Dynamic AutoScaling of GitHub Runners - Dgraph Blog

In this article we explain our transition to GitHub Actions for our CI/CD needs at Dgraph Labs Inc. As a part of this effort we have built (in-house) & implemented a new architecture for “Dynamic AutoScaling of GitHub Runners” to power this setup.

In the past, our CI/CD was powered by a self-hosted on-prem TeamCity setup - this turned out to be a little difficult to operate & manage in a startup setting like ours. Transitioning to GitHub Actions & implementing our new in-house built “Dynamic AutoScaling of GitHub Runners” - has helped us reduce our Compute Costs, Maintenance Efforts & Configuration Time across our repositories for our CI/CD efforts (with improved security).

Background

Before we begin we would like to give you an overview of CI/CD & explain our needs for it at Dgraph Labs Inc.

![](upload://aScNgdFl8rzNSPFBXL4hbWzR5GP.png)

CI/CD DevOps Infinite Loop image source credits

CI/CD is a two-step process that dramatically streamlines code development and delivery using the power of automation. CI (Continuous Integration) makes developer tasks around source code integration, testing and version control more efficient - so the software can get built with higher quality. CD (Continuous Deployment) automates software testing, release & deployment. CI/CD is often referred to as the DevOps Infinity Loop (as illustrated in the image above).
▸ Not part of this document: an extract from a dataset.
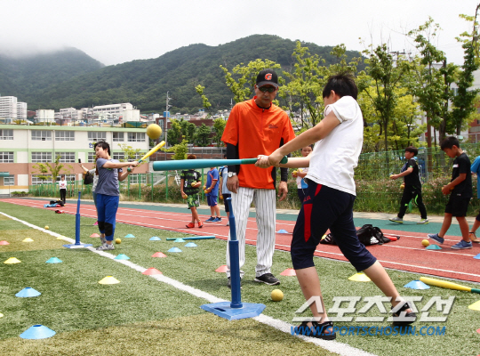 한낮 기온 섭씨 30도가 넘는 무더위 속에서 어린 아이들이 고사리같은 손으로 배트를 잡고 휘두르고 공을 던지고 받는다. 롯데 자이언츠가 사회공헌활동의 일환으로 올해 진행하고 있는 초등학교 야구 아카데미 현장이다. 지난 8일 야구 아카데미가 진행된 부산 구포동 덕천초등학교를 찾아가 봤다. 푸른 잔디가 깔린 운동장에서 40명의 어린이들을 대상으로 롯데의 야구 아카데미 코치, 즉 순회코치 2명이 크게 목소리를 써가며 아이들을 가르치고 있었다. 김민호 코치와 나승현 코치다. 순회코치는 KBO리그에서 롯데 구단이 처음 도입했다.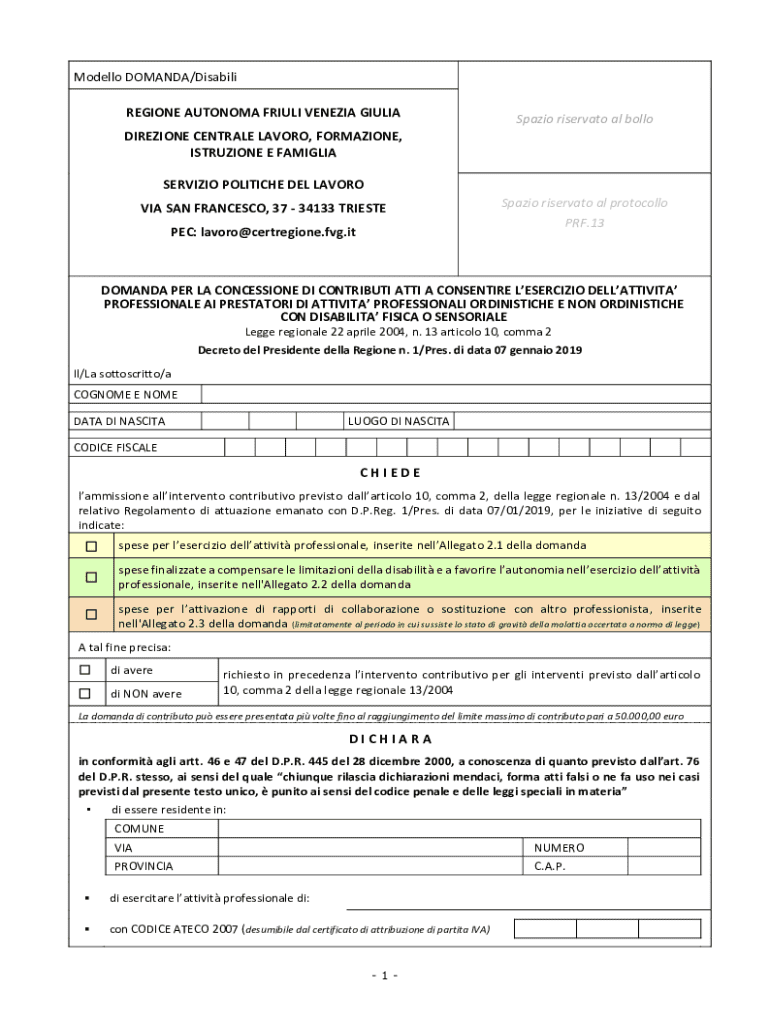 Model lo DEMAND/Disability REGION AUTONOMY FRILLS VENETIAN GIULIASpazio reservation all bolloDIREZIONE CENTRAL FAVOR, FORMATION, INTRUSION E FAMILIAR SERVILLO POLITICAL DEL FAVOR VIA SAN FRANCESCO,

Why is CI/CD important to us?

At Dgraph Labs Inc, we use CI/CD to facilitate our SDLC (Software Development Life Cycle) for our Dgraph Database and our Dgraph DBaaS (Cloud Offering) components. Like any tech company we want to minimize our bugs & deliver high quality products. The testing standards become strict for a Database company like ours, as a database becomes the most critical component of a software stack. To facilitate this, we follow the Practical Test Pyramid model along with other kinds of measurements instrumented into our CI/CD. To summarize, CI/CD helps us with:

  • Ensuring higher code quality
  • Obtaining continuous feedback
  • Shipping efficiently (with higher confidence)

How we use CI/CD?

![](upload://pA3zxhEvDYcYssDPWSdI2Q48HlD.png)

CI/CD at Dgraph

Our CI/CD use-cases mostly revolve in the following areas: Building for Multi-Architectures (amd64/arm64), Testing (Unit/Integration & Load), Deployments, Security Audits, Code Linting, Benchmarking & CodeCoverage. We will cover some of these topics in our future blog posts.

Old Setup (TeamCity)

As described above, Dgraph Labs Inc ran a self-managed on-prem TeamCity setup for CI/CD in the past. The setup looked similar to the image below.

![](upload://yz4zXv5bxTm8KUKrMYc3WBo85IQ.png)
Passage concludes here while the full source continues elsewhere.